Center for 21st Century Security and Intelligence

About the Center for 21st Century Security and Intelligence

The Center for 21st Century Security and Intelligence (21CSI) was created to address the key issues shaping security policy over the coming decades. The Center seeks to answer the critical questions emerging in defense, cybersecurity, arms control, and intelligence in an all-encompassing manner, seeking not just to explore important new policy challenges but also how they cross traditional fields and domains.

Under the leadership of Peter W. Singer, one of the world’s leading experts on changes in warfare, the Center focuses on delivering cutting-edge research, analysis and outreach that shapes public understanding and official decision-making across a broad range of security issues. The Center encompasses four key focal points of public policy research:

  • A Defense Policy team focuses on key trends in warfare and how the U.S. military should respond, both in the near and long term. It is led by Michael O’Hanlon, one of the most widely quoted and influential defense scholars in the world. He is joined by Vanda Felbab-Brown, a leading expert on illicit networks and counterinsurgency, and Stephen Cohen, an expert in South Asia security issues. It also houses the Federal Executive Fellows (FEF) program, which allows career officers from each military service and Coast Guard to spend a year in residence researching and publishing on defense topics, as well as an International Security Fellowship, which hosts officers from allied militaries.
     
  • The Brookings Intelligence Project, focusing on the nexus between policymaking and intelligence, will be led by Bruce Riedel, a 30-year veteran of the intelligence community. He is supported by a team of resident and non-resident researchers, including career officers from the intelligence community, John McLaughlin and Paul Pillar, in addition to two Federal Executive Fellows from the Central Intelligence Agency and National Counterterrorism Center.
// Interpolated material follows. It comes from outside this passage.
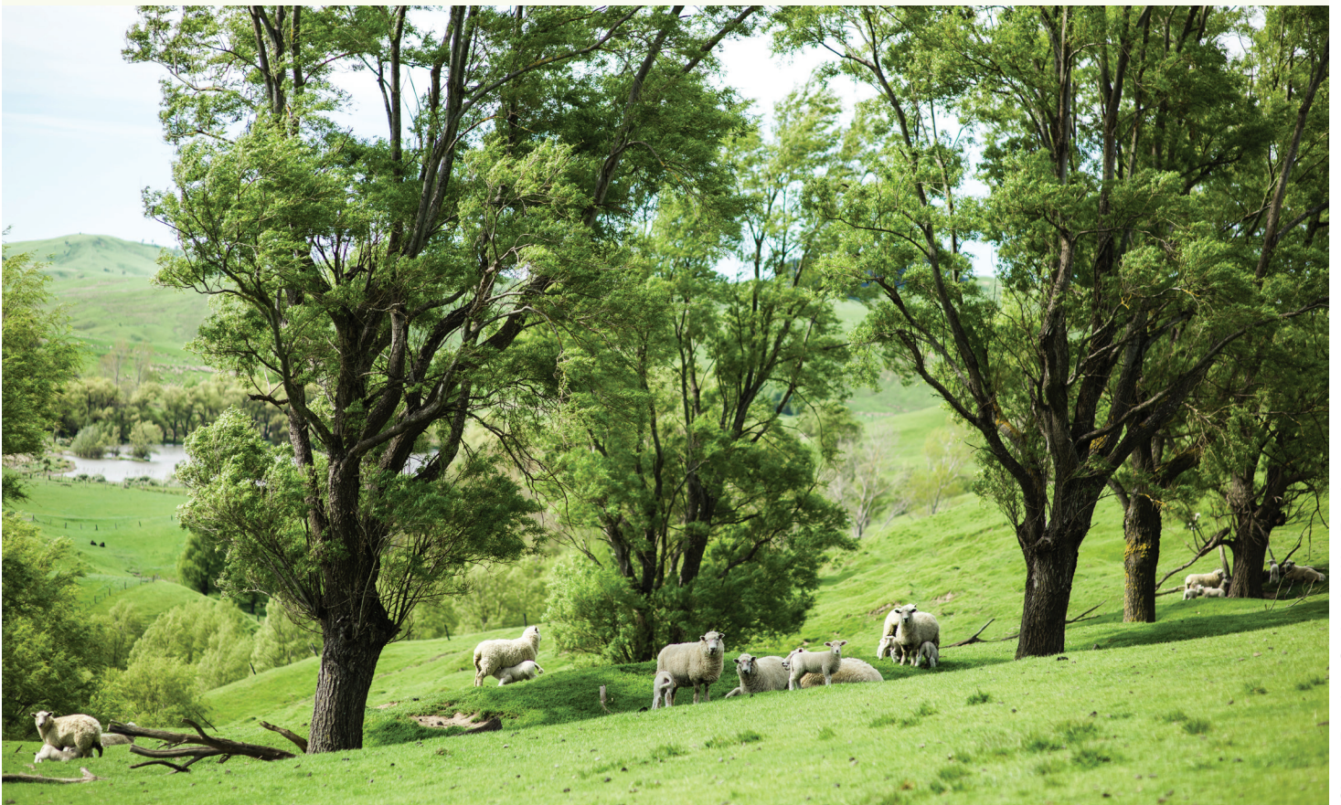
Sheep, Rangitoto Station

The project is unique in that it is the first program at a major research institution to focus on intelligence from the perspective of policy process.
     
  • The Arms Control Initiative examines both the emerging questions of nuclear proliferation and the continued legacy of the Cold War. It is led by Steve Pifer, former Special Assistant to the President and advisor on the START talks, who is joined by a team that includes Robert Einhorn, the State Department’s special advisor for nonproliferation and arms control. The initiative also houses a new program designed to cultivate the next generation of arms control scholars.
     
  • Finally, a new research node on Cybersecurity brings together the work of experts like Ian Wallace, previously a senior official at the British Ministry of Defense who helped develop British cyber strategy as well as its cyber relationship with the United States, Noah Shachtman, executive editor of news for Foreign Policy magazine who was recently named one of the top ten cybersecurity writers in the world, Ben Hammersley, a war journalist and noted technology writer, and Ralph Langner, the cybersecurity expert credited with “decoding” Stuxnet.

The Center is designed to draw lessons from across related fields to allow an even greater scope of collaboration and dissemination for maximum policy impact  In addition, 21CSI serves as a linking point for the security studies world to the wealth of expertise and capacity that exists within Foreign Policy Studies at Brookings and its world-class regional centers, including the Center on the United States and Europe, the Center for Northeast Asian Policy Studies, the John L. Thornton China Center, and the Saban Center for Middle East Policy. The creation of the Center for 21st Century Security and Intelligence promotes the close integration of regional knowledge with functional security analysis in a manner not possible at other institutions.